[[ Input for this task open ]]

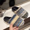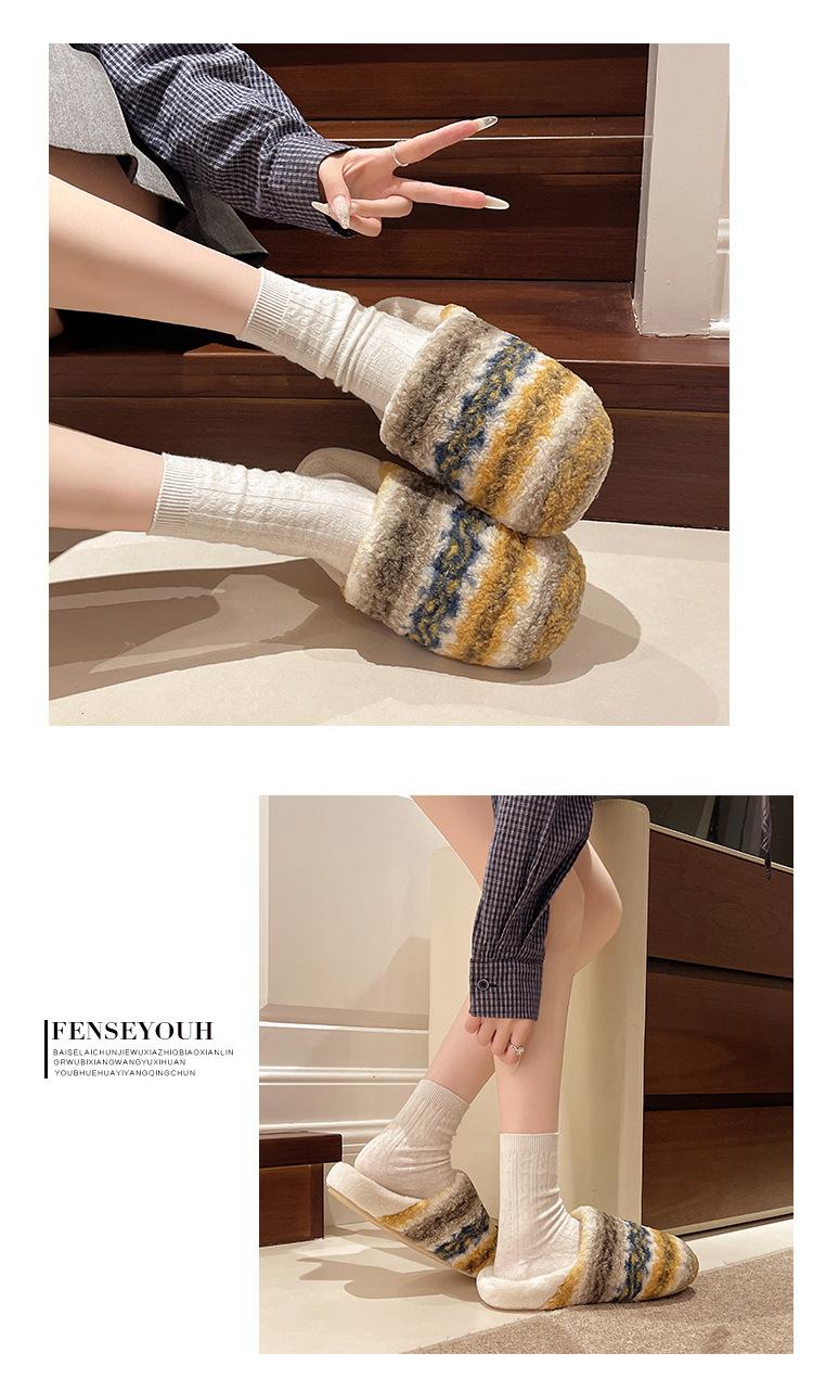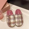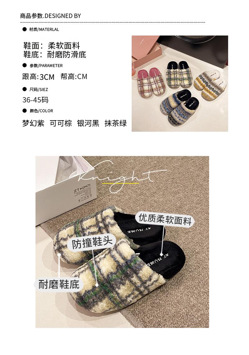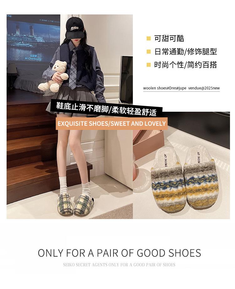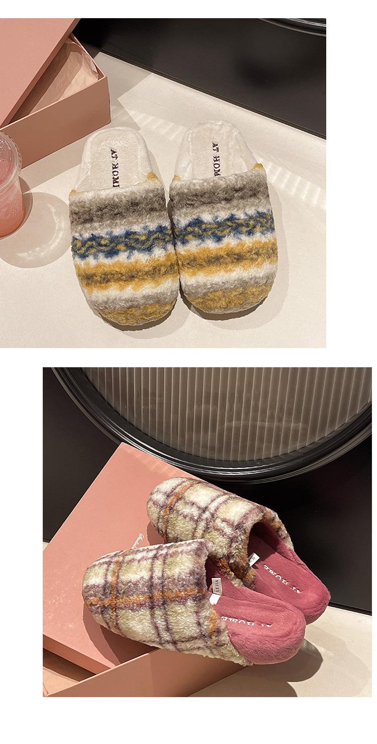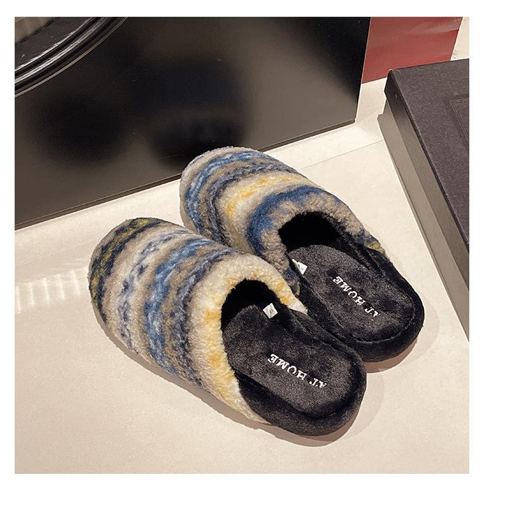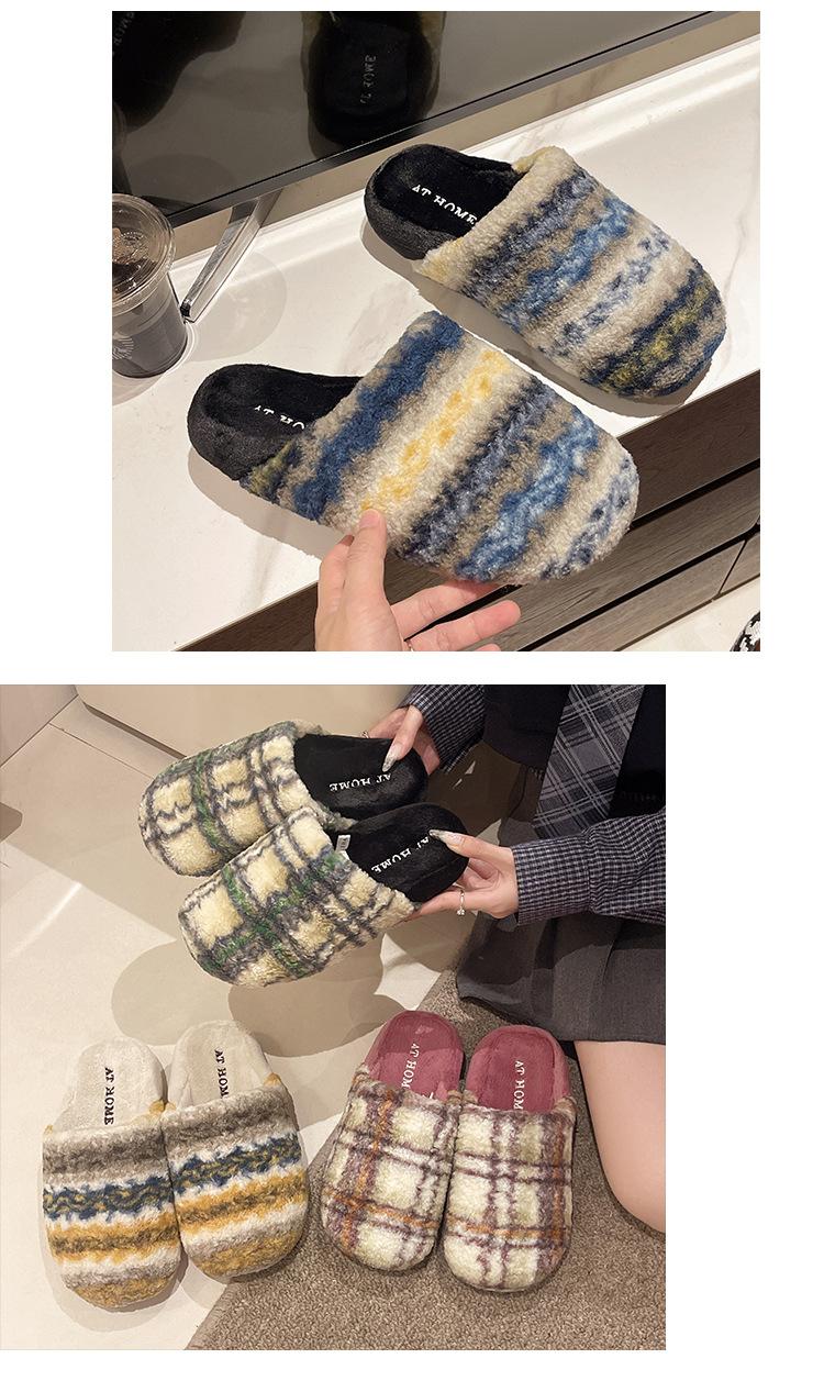 Pantuflas nuevas retro a cuadros peludas para interior del hogar a prueba de frío cálidas de algodón pantuflas antideslizantes de suela suave para pareja zapatos de algodón de punta cerrada
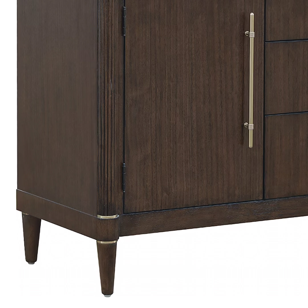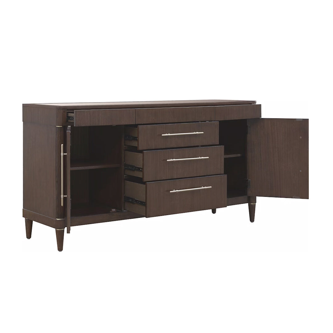 El aparador Asher Park combina un diseño neoclásico con un refinamiento contemporáneo para crear una pieza central funcional para su comedor. Fabricado con madera maciza de caucho y chapa de eucalipto, su rico acabado marrón se realza con postes estriados, patas cónicas y elegantes detalles metálicos. Con seis cajones y vitrinas de dos tamaños diferentes, esta pieza ofrece un almacenamiento flexible para cubiertos, mantelería y artículos esenciales de comedor. Dos puertas se abren para revelar estantes ajustables, lo que facilita adaptar el interior a sus necesidades de servicio o almacenamiento. Con una calificación de calidad "Superior", el aparador Asher Park ofrece una estética personalizada que complementa tanto comedores informales como formales.
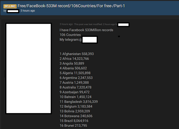 Kibertəhlükəsizlik sahəsində fəaliyyət göstərən Alon Gal adlı tədqiqatçı hacker forumlarından birində istifadəçi məlumatlarından ibarət baza aşkar edib. Həmin bazanı detallı şəkildə analiz edəndən sonra o, 533 milyon Facebook istifadəçisinin məlumatlarının sızdırıldığını təyin edib. Bu barədə Business Insider saytı xəbər verib. Aşkar edilmiş məlumatlar arasında istifadəçilərin telefon nömrələri, doğum tarixləri, elektron poçt ünvanları yerləşdikləri yerlər və s. kimi məlumatlar var. Qeyd etmək lazımdır ki, siyahıda həmçinin azərbaycanlı Facebook istifadəçilərinin məlumatları da yer alıblar. Belə ki, təqdim edilmiş statistikaya əsasən 99.472 nəfər azərbaycanlı Facebook istifadəçisinin məlumatları sızdırılıb.
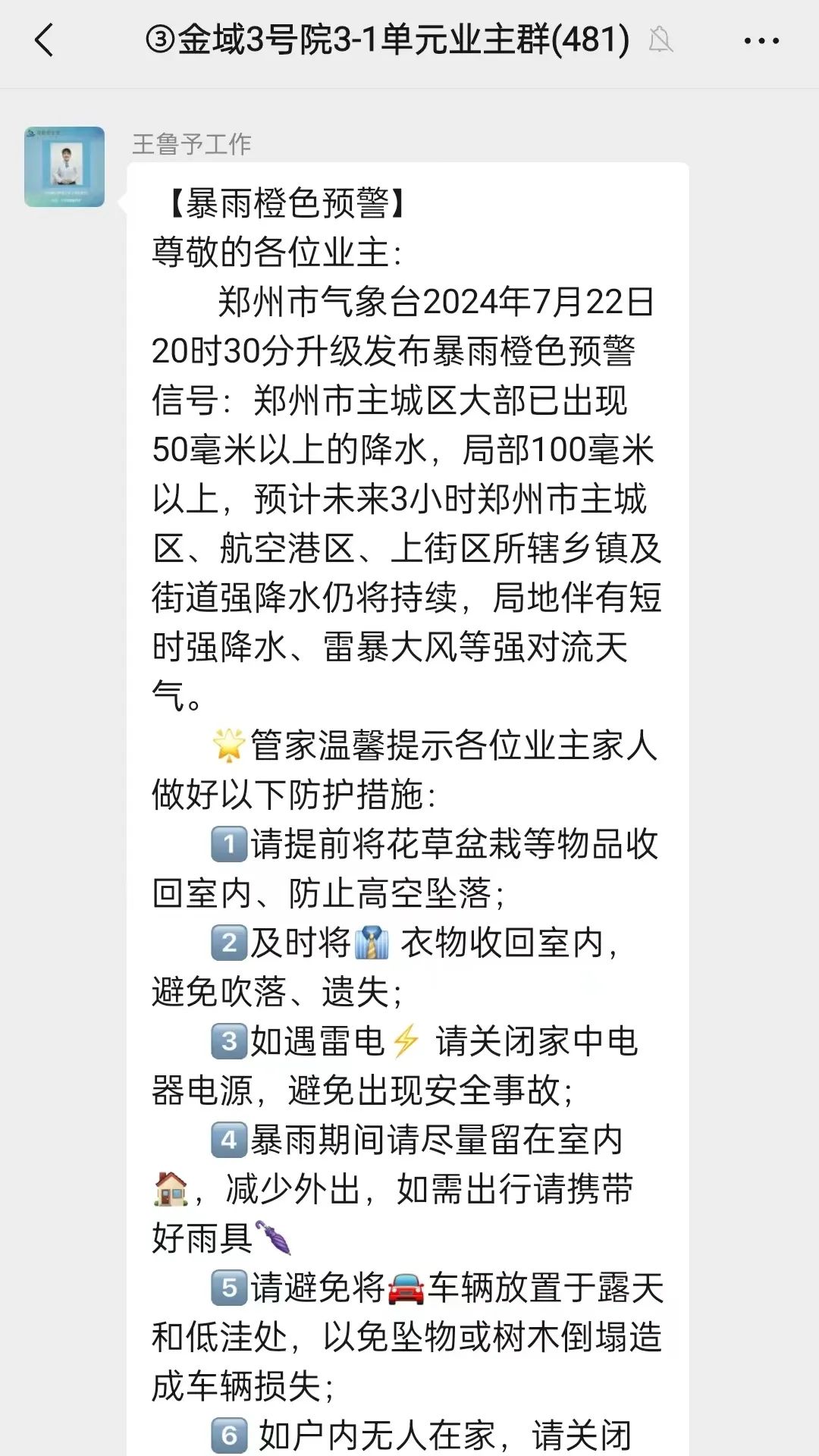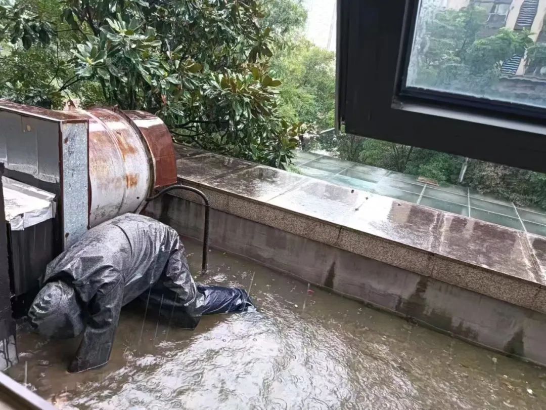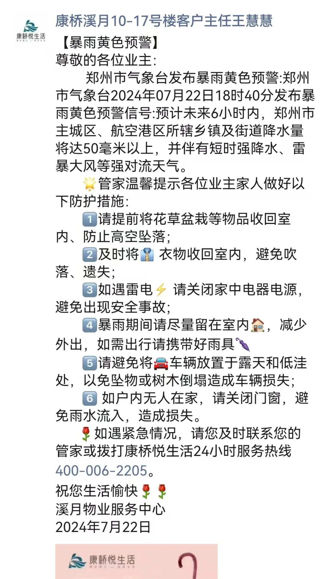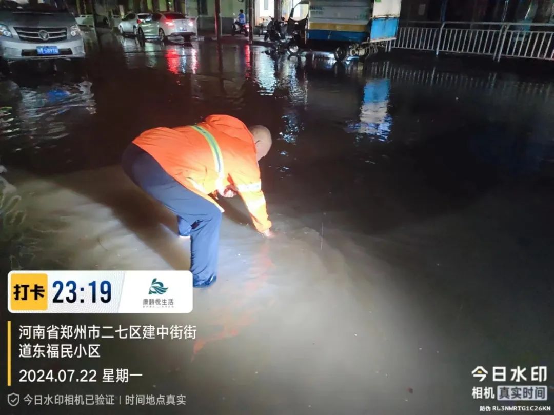 暴雨天氣路面積水嚴重,為了保障道路通暢,康橋悅生活各戰區、合資公司物業人不間斷巡查,及時疏通排水管道、排除積水,檢查路面車輛門窗關閉情況,盡全力保障業主的生命財產安全。
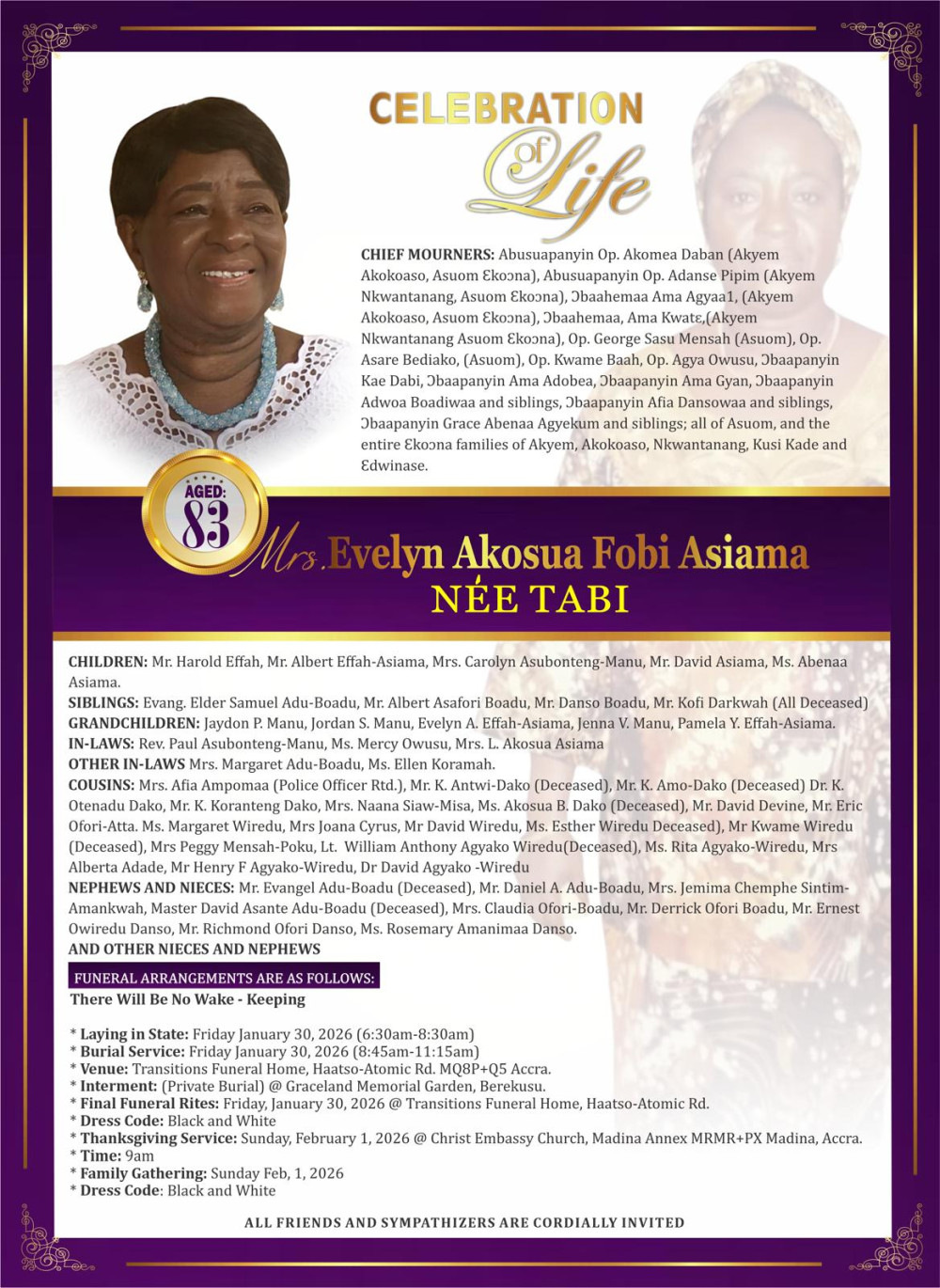Private Burial Service at Transitions Place. Asore Junction, Haatso Accra Date: 30th January, 2026 Time: 06:30am Interment: Private
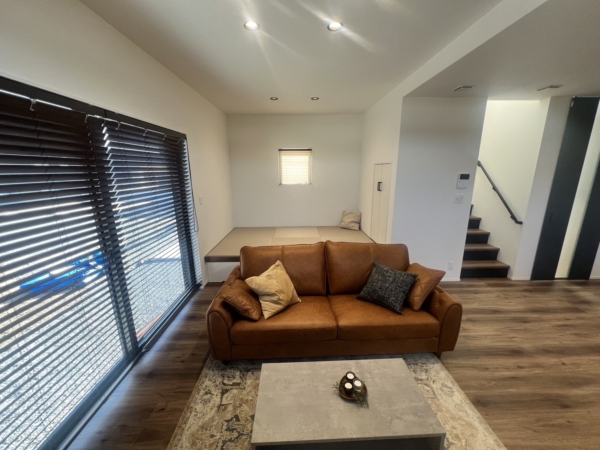 リビングは18畳+畳コーナー3畳の広々スペースを設置。ゆとりある生活をするためにも、収納面を充実し、1階は玄関にシューズクロークとファミクロも設置しました。
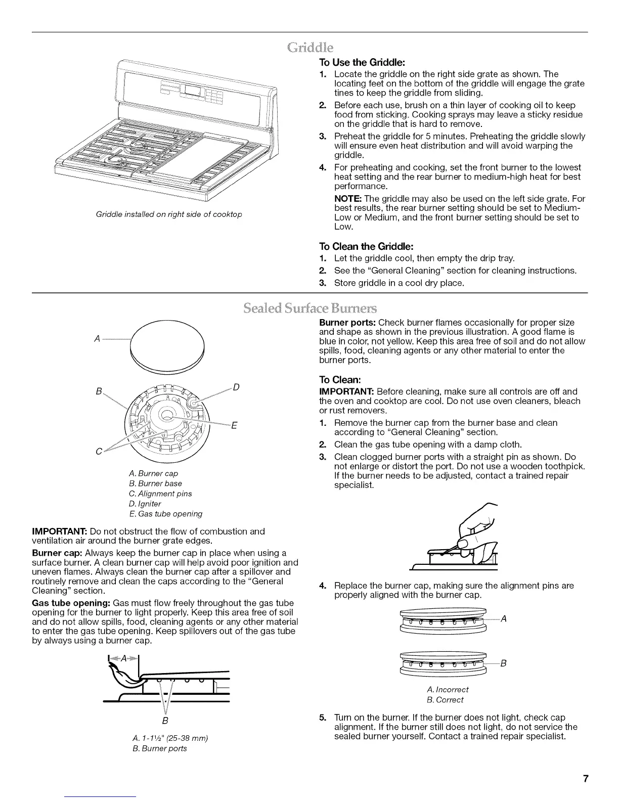 5. Turn on the burner. Ifthe burner does not light, check cap

[[ Input for this task closed ]]

Work instructions = Leaving the pictures aside, transcribe only the lines from the one containing "Kibertəhlükəsizlik sahəsində fəaliyyət" to the final line of the listing above, inclusive, exactly as they appear.

Answer for the task =
 Kibertəhlükəsizlik sahəsində fəaliyyət göstərən Alon Gal adlı tədqiqatçı hacker forumlarından birində istifadəçi məlumatlarından ibarət baza aşkar edib. Həmin bazanı detallı şəkildə analiz edəndən sonra o, 533 milyon Facebook istifadəçisinin məlumatlarının sızdırıldığını təyin edib. Bu barədə Business Insider saytı xəbər verib. Aşkar edilmiş məlumatlar arasında istifadəçilərin telefon nömrələri, doğum tarixləri, elektron poçt ünvanları yerləşdikləri yerlər və s. kimi məlumatlar var. Qeyd etmək lazımdır ki, siyahıda həmçinin azərbaycanlı Facebook istifadəçilərinin məlumatları da yer alıblar. Belə ki, təqdim edilmiş statistikaya əsasən 99.472 nəfər azərbaycanlı Facebook istifadəçisinin məlumatları sızdırılıb.
 暴雨天氣路面積水嚴重,為了保障道路通暢,康橋悅生活各戰區、合資公司物業人不間斷巡查,及時疏通排水管道、排除積水,檢查路面車輛門窗關閉情況,盡全力保障業主的生命財產安全。
Private Burial Service at Transitions Place. Asore Junction, Haatso Accra Date: 30th January, 2026 Time: 06:30am Interment: Private
 リビングは18畳+畳コーナー3畳の広々スペースを設置。ゆとりある生活をするためにも、収納面を充実し、1階は玄関にシューズクロークとファミクロも設置しました。
 5. Turn on the burner. Ifthe burner does not light, check cap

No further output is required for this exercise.